Gunstig perspectief voor nieuwe raadsperiode
Zoals vorige week al vermeld, deze week gaat het over de Voorjaarsnota. De regelmatige lezer van dit stukje weet dat de Voorjaarsnota de eerste opmaat is naar de begroting 2019 en volgende jaren. Die begroting komt in november van dit jaar pas aan de orde. In de Voorjaarsnota staan de belangrijkste uitgangspunten die het college bij het samenstellen ervan hanteert. Eind juni wordt de Voorjaarsnota in de gemeenteraad besproken en vastgesteld.

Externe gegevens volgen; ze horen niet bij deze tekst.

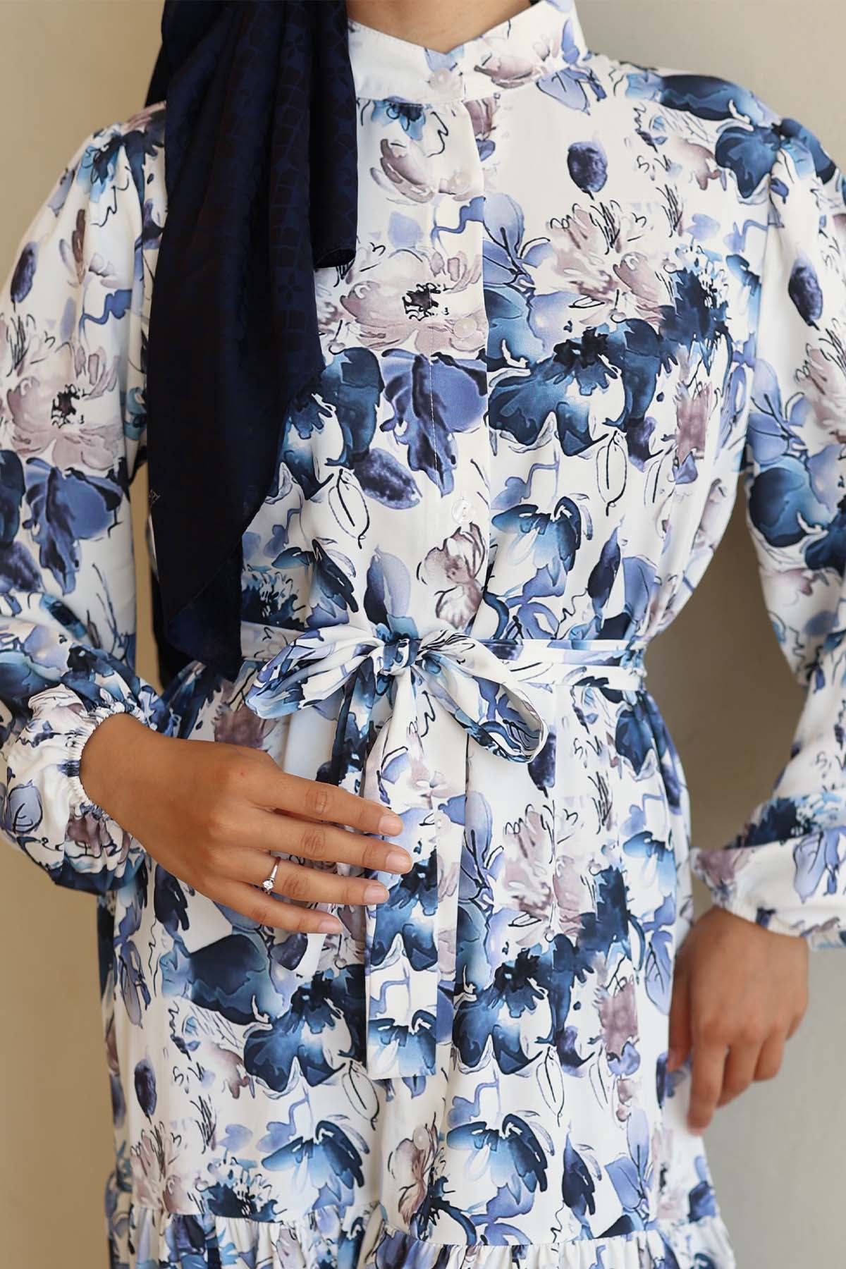 BGD Women Kadın Desenli Uzun Tesettür Elbise 2586 - Lacivert - Walton upon Thames
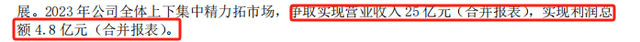伊力特2023年的业绩目标,是实现营业收入25亿元(合并报表),实现利润总额4.8亿元(合并报表)。
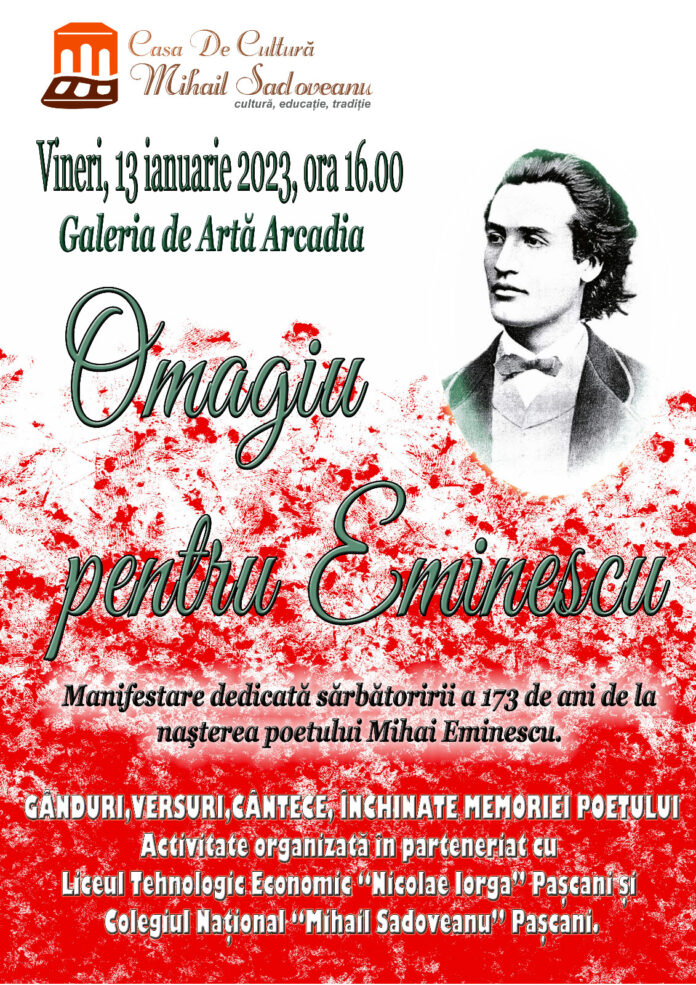 Ziua marelui scriitor național, Mihai Eminescu, va fi marcată în avans în municipiul Pașcani, la Casa de Cultură Mihail Sadoveanu. Vineri, 13 ianuarie, de la ora 16:00, în sala Arcadia a instituției de cultură membrii Trupei de Teatru Prometeu împreună cu elevi și profesori din două școli din oraș, Liceul Tehnologic Economic Nicolae Iorga și Colegiul Național Mihail Sadoveanu, vor aduce un omagiu scriitorului.
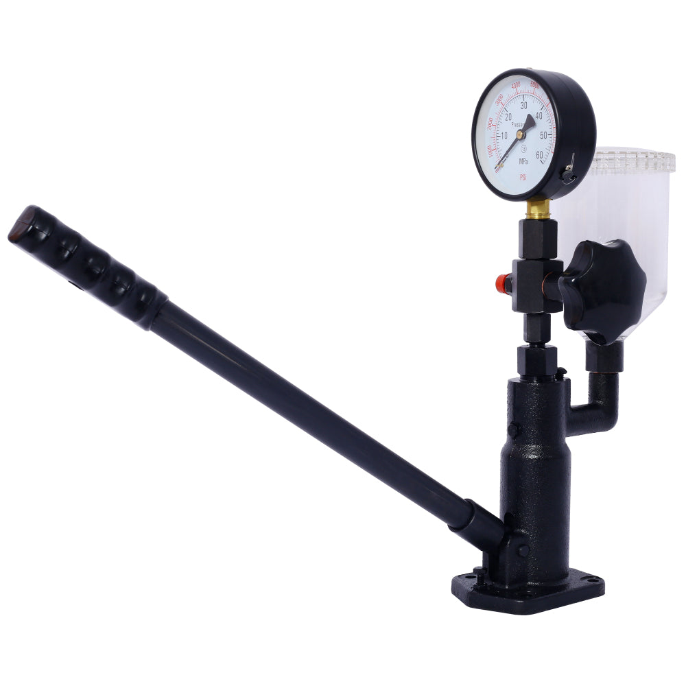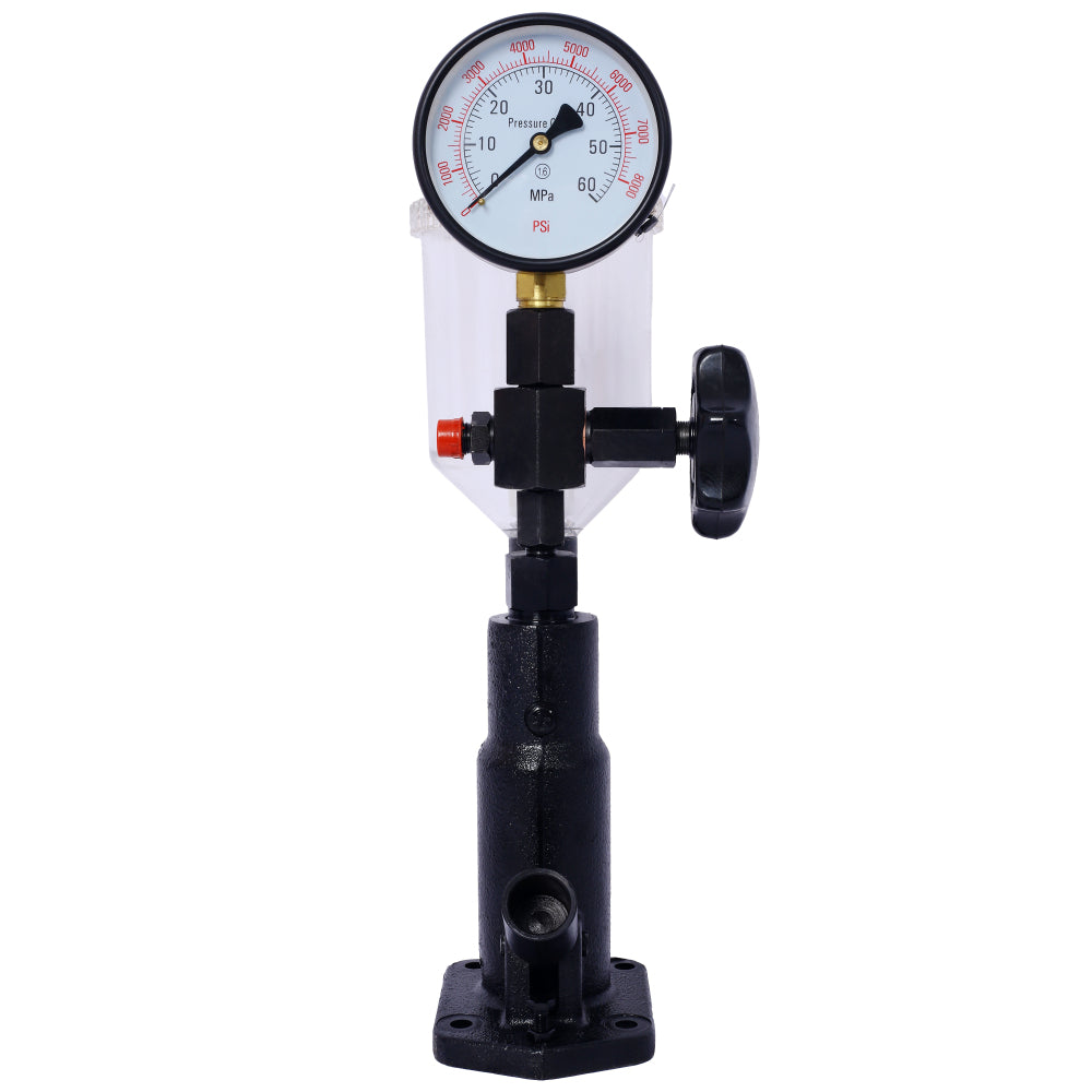 - Complete Accessory Kit: The injector pop tester kit comes with a 60MPa pressure gauge, handle, adjustable hand wheel connection nuts in A and B types (12 x 1.5mm and 14 x 1.5mm), a 0.8L fuel cup with a filter and delivery valve. Two additional oil pipes are also included for extended testing.
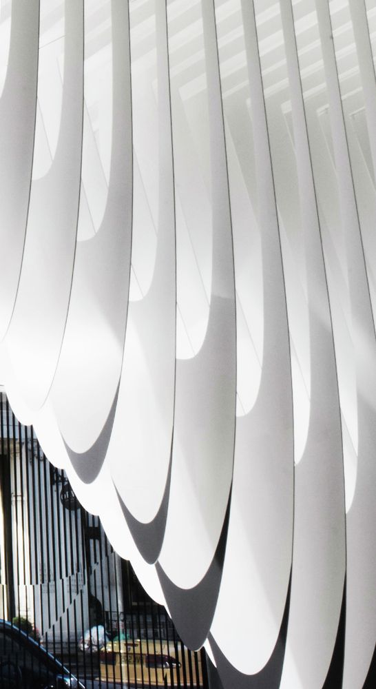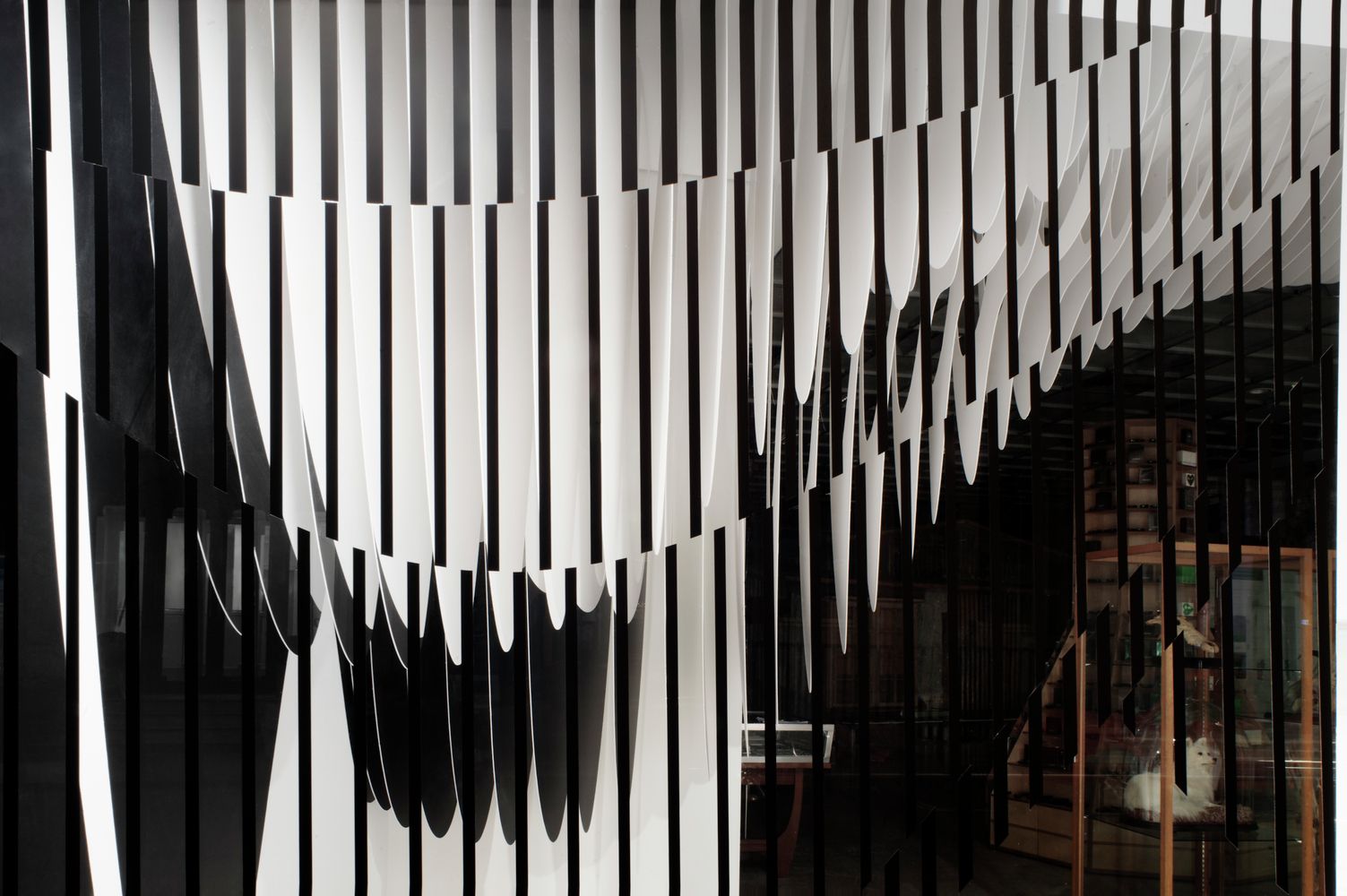 The name given to the artwork was Aqua, taking reference from the London Aquatic Centre, in both name and form. It takes a parametric approach in design, using repetition and scaling to creating a form as fluid and free flowing as waves.
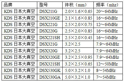 KDS晶振除了32.768K晶振,MHZ的晶振用途更为广泛,常用的MHZ晶振频率有8M、11.0592M、12M、13.56M、14.7458M、16M、19.2M、20M、22.1184M、22.5792M、24M、24.576M、25M、26,27M、32M、40M等,常用的贴片晶振规格尺寸有:2.0*1.6mm,2.0*2.5mm,3.2*2.5mm,5.0*3.2mm,6.0*3.5mm,5.0*7.0mm。KDS晶振MHZ系列产品多以DSX命名,数字以O结尾,晶振脚位则为2脚;数字以0以外的数字结尾,晶振脚位则为4脚。型号尾缀以GA或者G结尾,晶振表面为陶瓷面;型号尾缀以S或者SL,SH结尾,晶振表面为金属面。
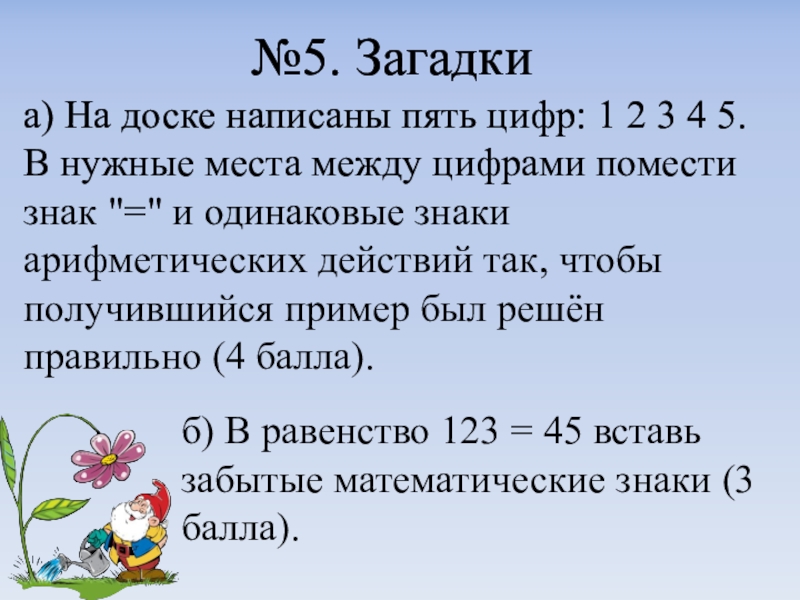 б) В равенство 123 = 45 вставь забытые математические знаки (3 балла).
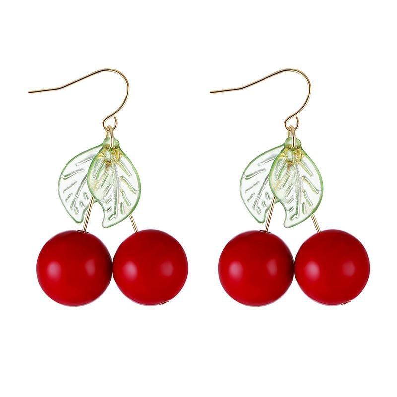 Red Cherry Leaf Cute Earrings
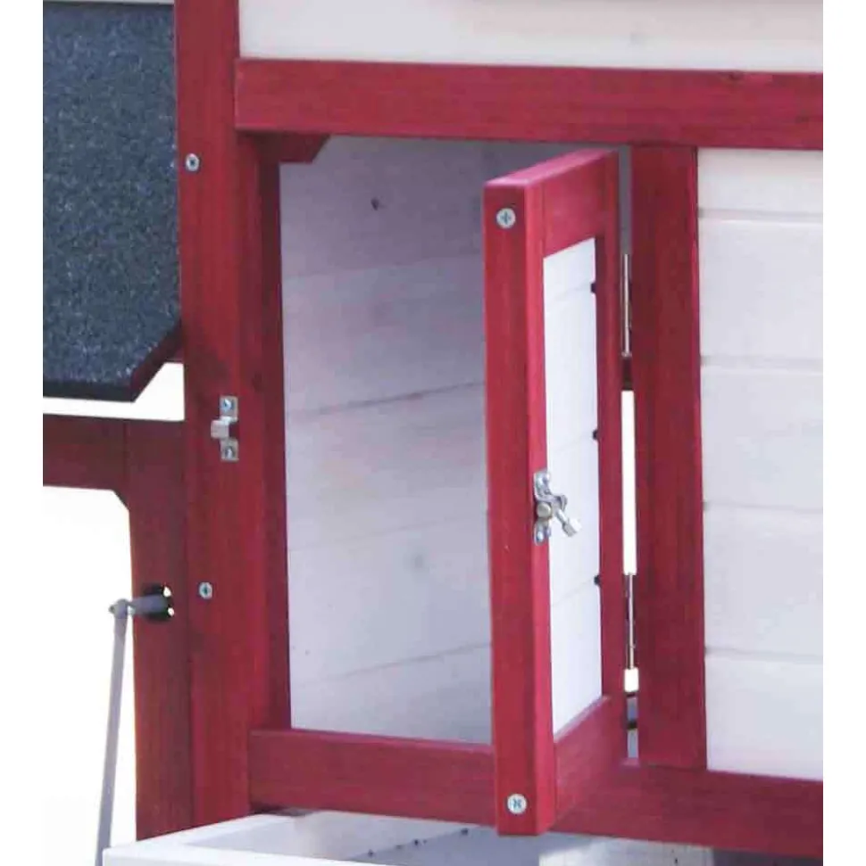 Poulailler standard bi-corps couvert Caractéristiques – Couleur rouge et blanc – Dimensions au sol : 115,5 x 52 cm – Dimensions hors tout : 152 x 62 x H 92 cm – Livré avec espace nuit, espace jour grillagé, rampe d’accès à l’espace nuit/jour, pondoir avec accès par trappe, poignée extérieure pour l’ouverture et la fermeture de la porte de l’espace nuit, toit couverture bitumée 2 pentes – Tiroir à déjections galvanisé permet un nettoyage facile (jet d’eau) – Capacité : 2-3 poules – Labellisé FSC – A monter soi-même
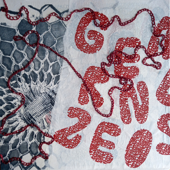 Trio GRENZENLOS_02, Siebdruck, BW Garn, 30×30 cm
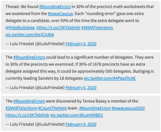 In even further apparent trickery, there were documented “rounding errors” that all were in favor of Buttigieg. Basically, there are situations where the delegate count does not come out evenly, so they have to round up or down. The procedure is to round down if the number is below .5, and yet with Buttigieg, they were rounding up from .2. Several people on Twitter were documenting this phenomenon, and many of them had their posts deleted! Virtually no media covered it.
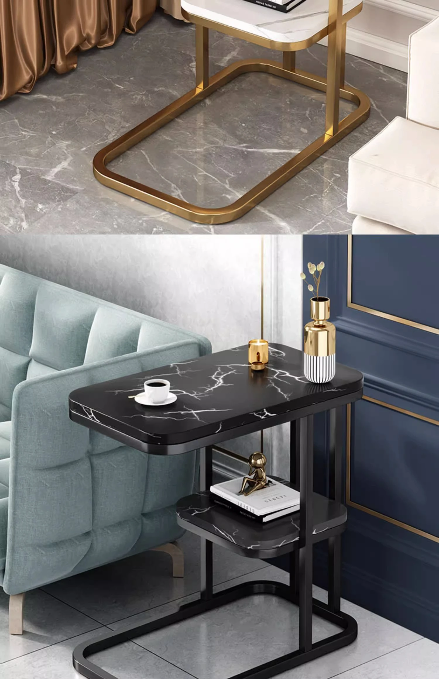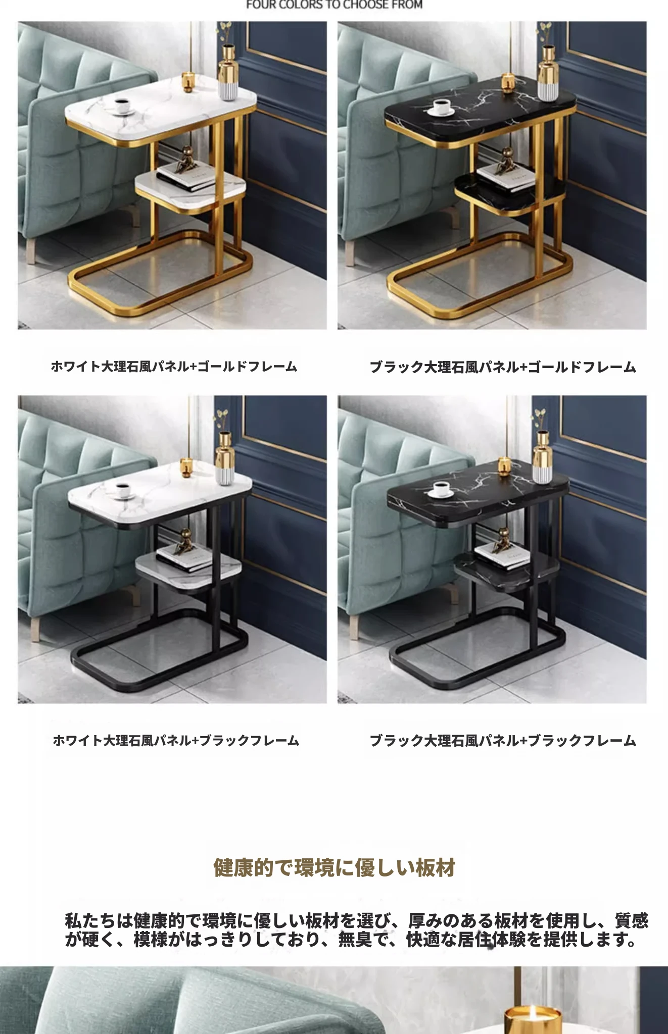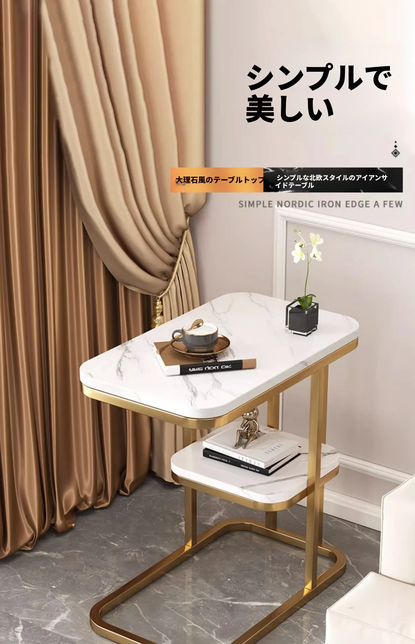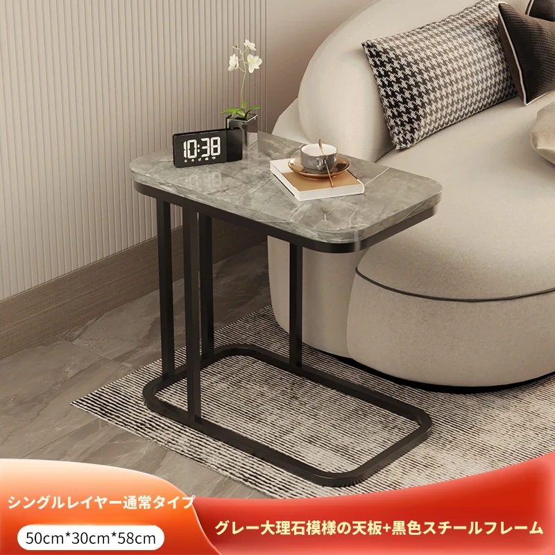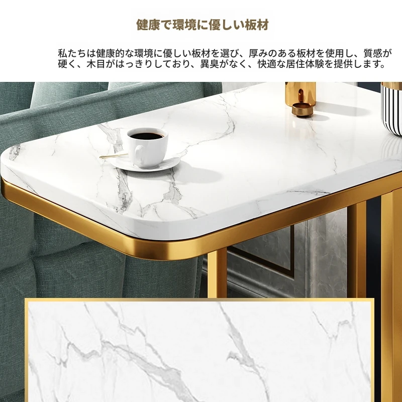 リビングにぴったりのシンプル&モダンなサイドキャビネット!高級感あふれる岩板デザインの角テーブルは、収納力も抜群。おしゃれで機能的なお部屋作りに最適な小型コーヒーテーブルです。

De Voorjaarsnota is dit jaar, in tegenstelling tot andere jaren, een zgn. beleidsarm stuk. Dat komt door het feit dat er in maart verkiezingen zijn geweest. In de periode daarna is er gewerkt aan een nieuwe coalitie en aan een nieuw coalitieprogramma. Dat is inmiddels gereed, maar dat stuk kwam te laat om dat nog op een verantwoorde manier in de Voorjaarsnota te verwerken. Gevolg is dat in de nota wel rekening wordt gehouden met al vastgesteld beleid, maar dat het nieuwe coalitieprogramma nog niet is verwerkt.
Uitgangspunt van de nieuwe Voorjaarsnota is de begroting 2018 zoals die door de raad eind november vorig jaar werd vastgesteld. Die begroting was al sluitend met aanzienlijke overschotten van rond de 1,5 miljoen per jaar. In de twee bestuursrapportages die sindsdien verschenen zijn is dat begrotingssaldo aanzienlijk bijgesteld en wel in positieve zin. Het begrotingssaldo loopt op van 1,7 miljoen in 2019 tot bijna 4 miljoen in 2022. De oude coalitie laat daarmee een financieel gezonde situatie achter waar de nieuwe raad profijt van kan gaan trekken. Er is gelukkig enige ruimte om weer nieuwe plannen ter hand te nemen. In de afgelopen jaren was dat wel eens anders.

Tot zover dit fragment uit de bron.